The fresh subagent in Part B is the whole ballgame. When the same agent scores every version, it knows v3 came after v2 came after v1. Even without meaning to, it starts grading on the curve, rewarding the trajectory rather than the artifact. A fresh judge doesn't know about v2. It sees v3 alone and scores it cold. That's the only way to know if you're actually improving.

The stop criteria close the loop honestly. Hard ceiling so you don't grind forever. Early stop if the score stops moving. And the regression trigger: if any single dimension drops two or more points, revert and stop. Because if you're gaining overall score while losing on a specific dimension, the loop is gaming the rubric, and you've learned more from stopping than from continuing.

## Where the loop fails without each component

Rubric without a fresh judge: judge rewards momentum.
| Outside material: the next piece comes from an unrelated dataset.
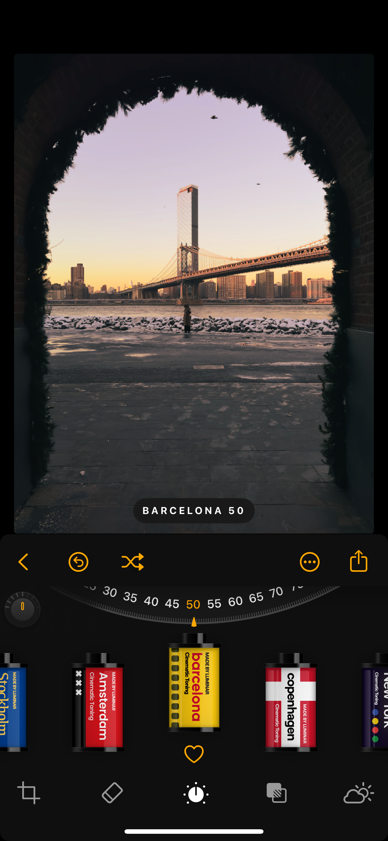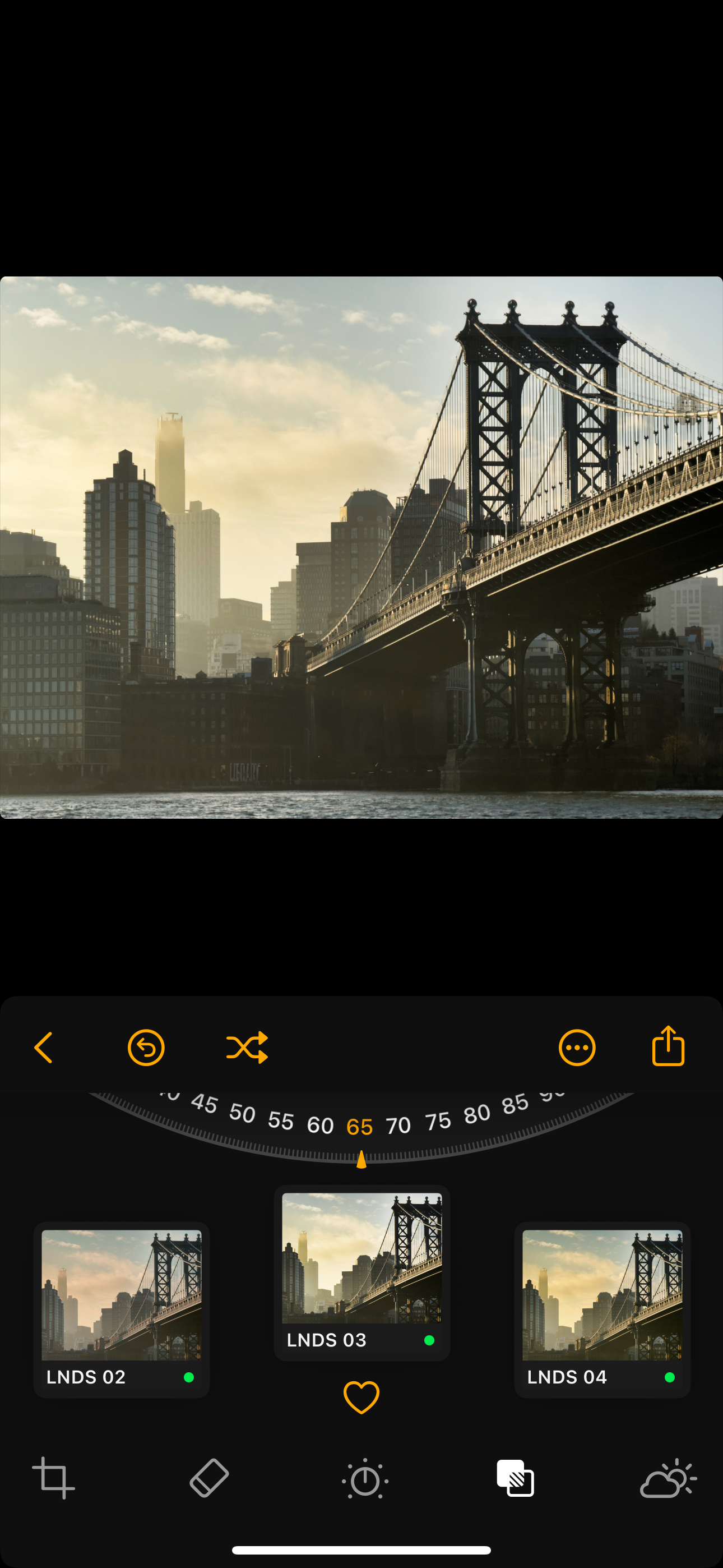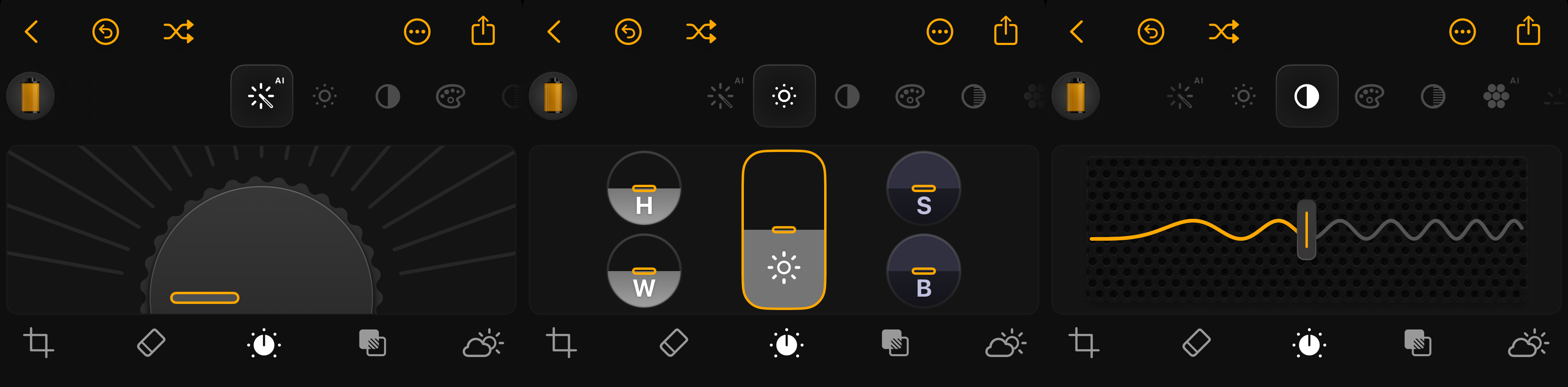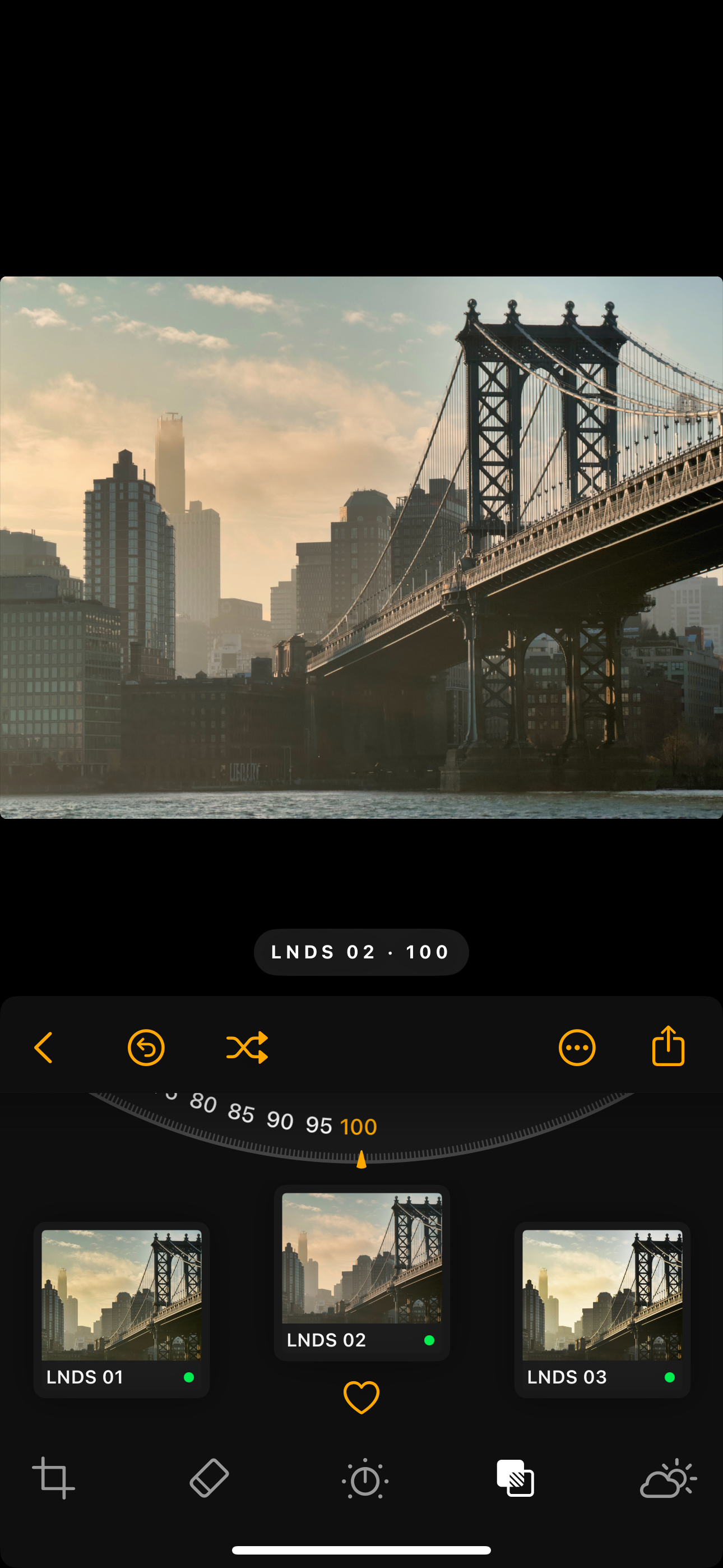노출과 WB, 하이라이트/그림자, 샤프니스 등 전문 이미지 편집 툴의 옵션들을 모두 갖추고 있습니다. 거기에 루미나 시리즈의 장점인 하늘, 사람 등의 AI 편집 기능이 추가된 것이 특징입니다. 모바일 환경에 맞춰 손가락 하나로 모든 조작이 가능하도록 한 것, 각각의 기능에 맞춰 직관적인 UI를 도입한 것이 눈에 띕니다. 다이얼을 돌리던지 게이지를 올리는 방식이죠. 덕분에 복잡한 기능들을 손쉽게 사용할 수 있어요.

You ship worse, feeling better.

Fresh judge without stop criteria: the loop runs until you run out of patience, tokens, or nerve. Whichever comes first.

Stop criteria without a regression trigger: you confidently ship the version where the prose got more polished but something important went missing. The total score went up. The artifact got worse. Nobody flagged it.

All four together: the loop can improve the artifact, can't reward its own momentum, knows when to stop, and knows when it's gaming the rubric on itself.

This is why the components aren't a menu. They're a system. Each one exists because it prevents a specific failure mode the others can't see.

## What this means for your work

If you're a technical specialist watching AI do a passable version of what used to take you all afternoon, here's the part worth sitting with.

The prompting doesn't go to the human. But neither does the rubric plumbing. What goes to the human is the *quality standard itself*, the document that says what good looks like in this kind of work. The LLM turns that into dimensions and anchored descriptions. The *judge construction* goes to the human. The *stop criteria* go to the human, especially the regression trigger, which requires enough taste to know which dimensions are worth protecting when the overall score is rising.

That's your new job. Not better prompts. Better loops. The AI generates. You define what "good" looks like in prose, and the AI turns it into the scoring instrument. You set the rules for when to stop.

Pick something you've been prompting-and-praying on this week. Find or write the document that describes what good looks like in that kind of work. Hand it to the LLM and have it build the rubric. Run an artifact through a fresh judge. See what happens.

Then tell me whether the ceiling was the model.